/timechat

TimeChat is a chatbot that is able to answer questions in natural language about the local time.

Primary LanguagePythonMIT LicenseMIT

TimeChat

TimeChat is a chatbot that is able to answer questions in natural language about the local time in a particular place and responds in natural language. It is built on top of ChatterBot and consists of three parts: location extraction and language determination; geocoding; response generation. A Flask webserver is included as a wrapper around the bot.

Location extraction and language determination

Three methods are implemented: one built on basic NLP methods and two using the Google Natural Language API.

Inverse Document Frequency

In this method, the language is first determined by choosing the language with the highest sum of the Inverse Document Frequency of each word to the power y. y is set to 1/3 to let rarer words contribute to the score appropriately.

Then the method assumes the location is in the longest sequence of 'rare' words directly after a preposition. The rareness of such a sequence is given by the sum of the inverse document frequency its words divided by N^x, where N is the length of the sequence and x some penalisation parameter. After some experimentation, x is set to 1/2 as to make the found sequences not too long, nor too short.

A corpus of part-of-speech-tagged and non-tagged text is provided for each language, to learn the document frequencies and determine which words are prepositions.

This method works for English and Dutch and can be easily extended to support more languages.

Syntax

In this method, the Google API is used construct a full dependency tree of the syntax. The Google API operates through a neural model of syntax called SyntaxNet (Andor et al., 2016) and is trained on the Universal Dependencies dataset.

Because it can be assumed that a relevant question will only contain one prepositional phrase which must contain the location, this method selects the longest prepositional phrase in the sentence to include the location. If no prepositional phrase is found, the method fails.

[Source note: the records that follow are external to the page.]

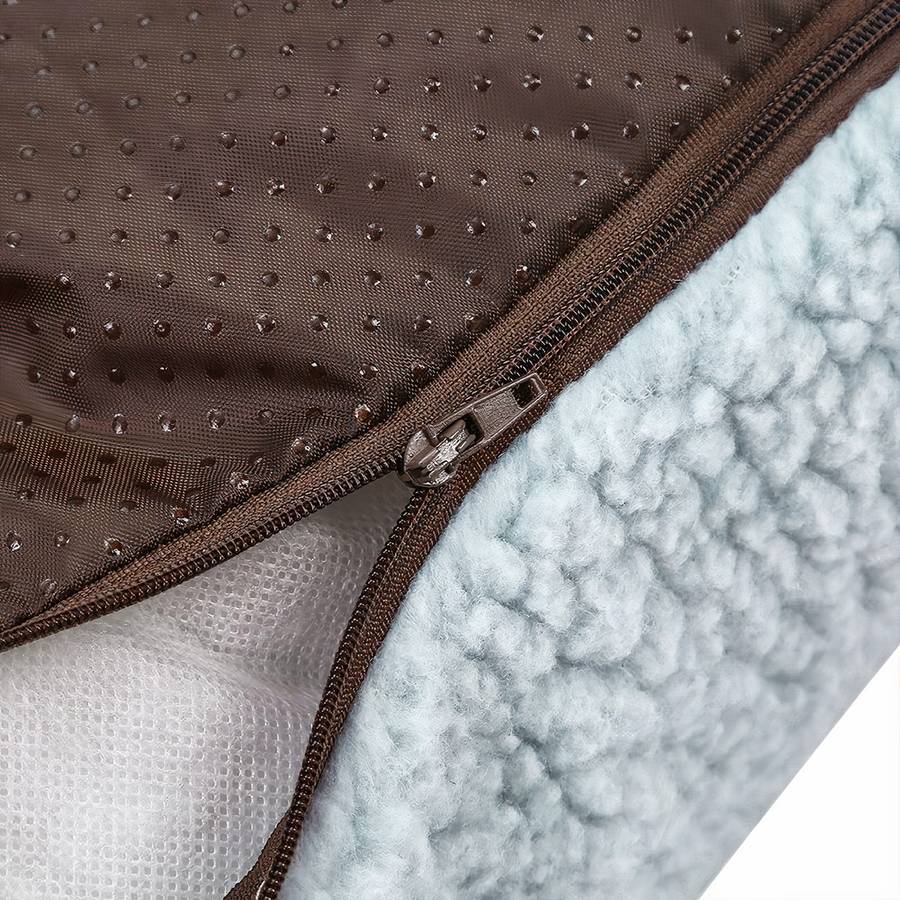 La couverture en flanelle est amovible et lavable en machine, ce qui facilite le nettoyage et le maintien de l’hygiène. Les coussins intégrés sont également amovibles et lavables.
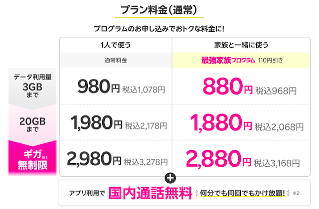 楽天モバイルに加入して30ギガを使ったと仮定すると、毎月の利用料は家族割利用でも3,000円以上かかってきます。
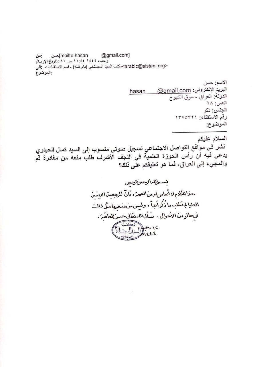 بغداد- العراق اليوم: فند مكتب المرجع الديني الأعلى علي السيستاني، الأحد، الأنباء التي تحدثت عن طلب تقدم به الأخير، لهدف منع المرجع كمال الحيدري من مغادرة "قم" والمجيئ إلى العراق.
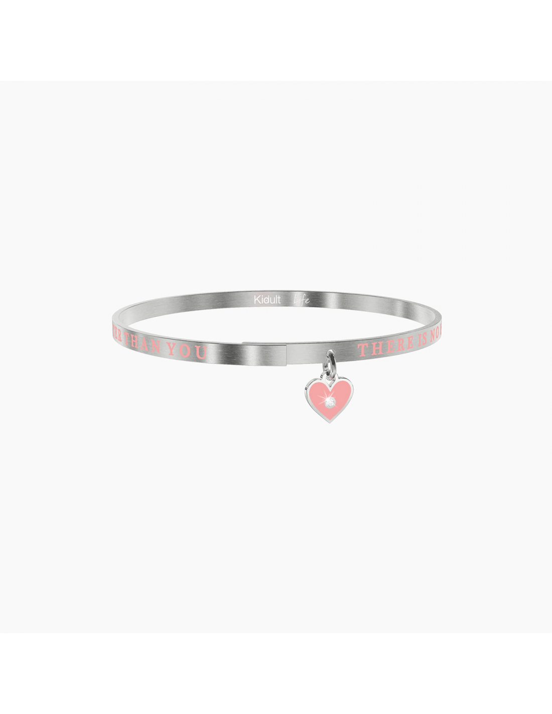 There is no better friend than a sister There is no better sister than you Bangle sottile in acciaio satinato con scritta e piccolo ciondolo a cuore smaltato rosa.

This method works for English only.

Named Entity Recognition

In this method, the Google API is used to detect named entities in the input sentence. Of these, the entity concerning location with the highest salience (importance) is extracted. If no location entity is found, the method fails.

Google does not publish details on the workings of their Named Entity Recognition algorithm.

This method works for English only.

Comparison

The three methods find the location correctly in the following cases:

Question IDF Syntax Entity
What is the local time in Amsterdam right now?
Okay, what's the time in califonia then?
Okay, what's the time in Califonia then?
Local time in 77379
What is the time at 2313PN
What is the time on the Isle of Man?
In Paris is the time?
Hoe laat is het op Bonaire?

Some remarks:

  • The IDF method does not work with locations that are comprised of common words.
  • The Syntax method is very accurate.
  • The Entity method is highly case sensitive and does not work well with postcodes.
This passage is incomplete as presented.